**Activity:**
All lines in the records below from the line with "Участники финального матча" through the line with "Как видим, видоизмененный" are to be given again exactly, both ends included; the pictures are to be left out.

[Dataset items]
BEGIN

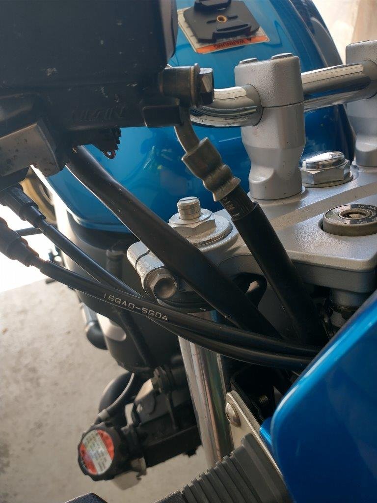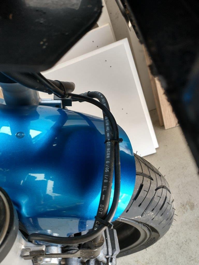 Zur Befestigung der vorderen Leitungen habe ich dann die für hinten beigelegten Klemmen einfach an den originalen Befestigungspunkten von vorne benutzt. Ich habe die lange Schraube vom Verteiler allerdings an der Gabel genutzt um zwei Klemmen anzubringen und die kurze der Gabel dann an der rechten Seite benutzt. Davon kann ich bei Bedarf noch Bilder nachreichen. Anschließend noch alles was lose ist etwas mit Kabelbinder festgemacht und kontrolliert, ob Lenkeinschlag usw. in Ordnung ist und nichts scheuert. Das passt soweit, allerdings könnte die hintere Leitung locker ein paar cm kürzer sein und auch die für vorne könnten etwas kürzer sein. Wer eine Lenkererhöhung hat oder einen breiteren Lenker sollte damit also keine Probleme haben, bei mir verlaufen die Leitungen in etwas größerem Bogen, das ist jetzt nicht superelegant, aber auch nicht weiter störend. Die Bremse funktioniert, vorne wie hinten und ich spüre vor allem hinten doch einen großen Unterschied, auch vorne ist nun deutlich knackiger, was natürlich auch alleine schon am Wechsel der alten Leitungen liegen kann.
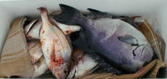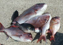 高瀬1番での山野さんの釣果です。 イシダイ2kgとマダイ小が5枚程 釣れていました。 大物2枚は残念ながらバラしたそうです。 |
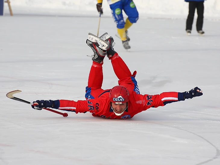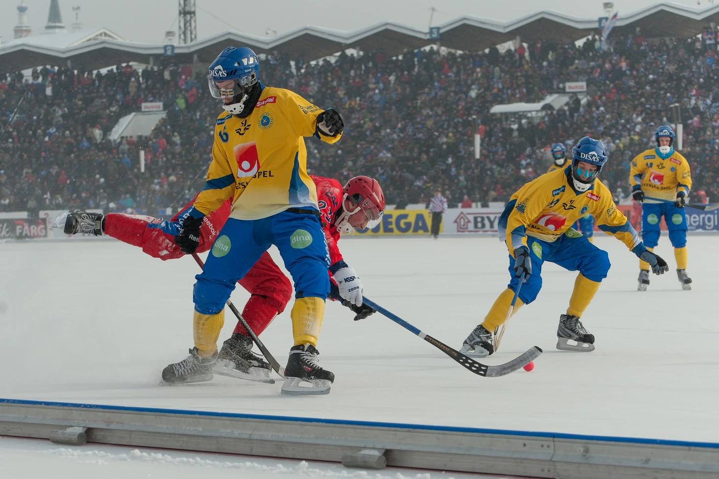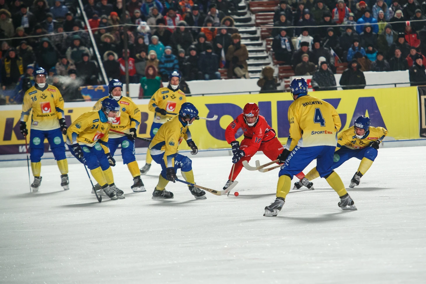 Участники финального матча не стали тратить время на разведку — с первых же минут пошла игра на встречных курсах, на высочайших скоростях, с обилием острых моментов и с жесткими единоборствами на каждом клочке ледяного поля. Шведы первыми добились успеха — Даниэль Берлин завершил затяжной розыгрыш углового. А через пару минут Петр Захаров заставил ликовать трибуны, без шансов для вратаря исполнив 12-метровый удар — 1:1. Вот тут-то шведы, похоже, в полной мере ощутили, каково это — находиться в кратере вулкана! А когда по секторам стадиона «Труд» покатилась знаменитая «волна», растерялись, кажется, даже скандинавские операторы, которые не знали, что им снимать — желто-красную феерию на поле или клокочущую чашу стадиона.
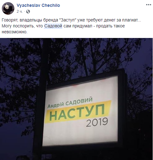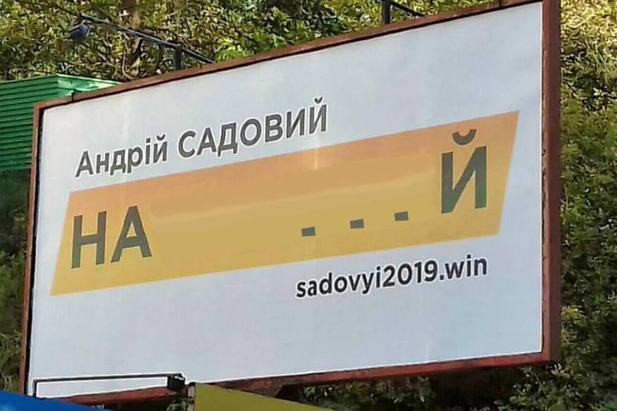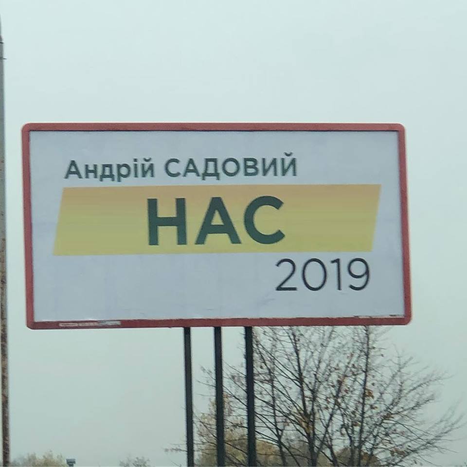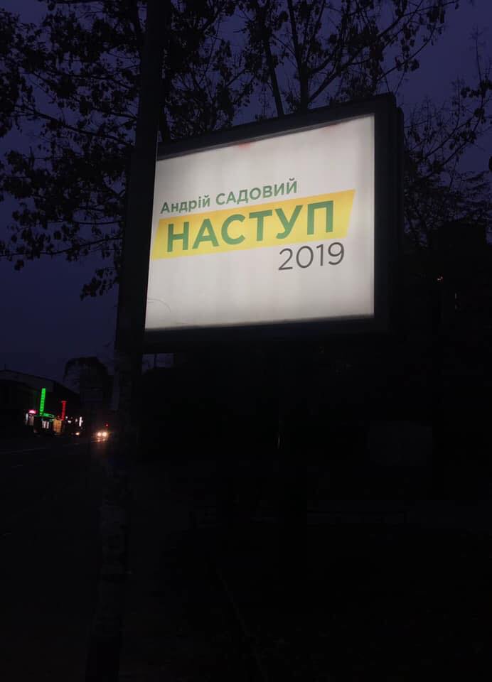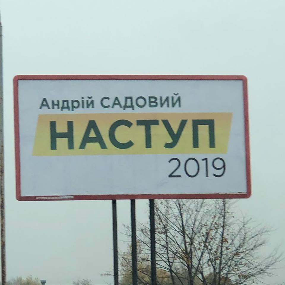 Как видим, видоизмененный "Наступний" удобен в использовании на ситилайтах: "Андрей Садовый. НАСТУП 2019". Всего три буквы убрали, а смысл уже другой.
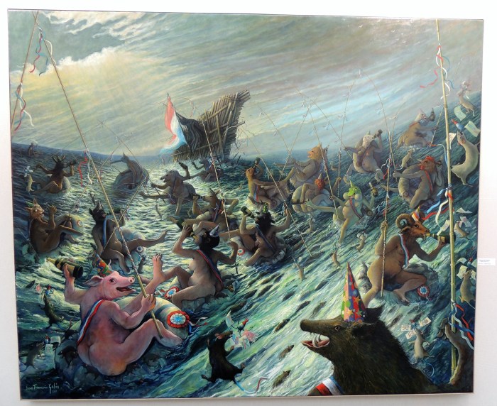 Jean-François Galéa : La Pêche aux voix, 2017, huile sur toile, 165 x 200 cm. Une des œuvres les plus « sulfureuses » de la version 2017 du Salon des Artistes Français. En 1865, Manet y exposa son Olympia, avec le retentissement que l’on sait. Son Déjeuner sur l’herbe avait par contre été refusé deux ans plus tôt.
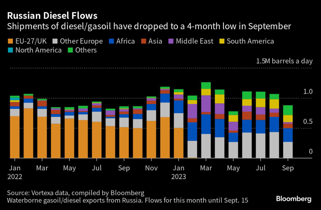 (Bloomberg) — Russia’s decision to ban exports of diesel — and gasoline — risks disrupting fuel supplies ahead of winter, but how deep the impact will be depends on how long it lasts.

END

**Task response:**
 Участники финального матча не стали тратить время на разведку — с первых же минут пошла игра на встречных курсах, на высочайших скоростях, с обилием острых моментов и с жесткими единоборствами на каждом клочке ледяного поля. Шведы первыми добились успеха — Даниэль Берлин завершил затяжной розыгрыш углового. А через пару минут Петр Захаров заставил ликовать трибуны, без шансов для вратаря исполнив 12-метровый удар — 1:1. Вот тут-то шведы, похоже, в полной мере ощутили, каково это — находиться в кратере вулкана! А когда по секторам стадиона «Труд» покатилась знаменитая «волна», растерялись, кажется, даже скандинавские операторы, которые не знали, что им снимать — желто-красную феерию на поле или клокочущую чашу стадиона.
 Как видим, видоизмененный "Наступний" удобен в использовании на ситилайтах: "Андрей Садовый. НАСТУП 2019". Всего три буквы убрали, а смысл уже другой.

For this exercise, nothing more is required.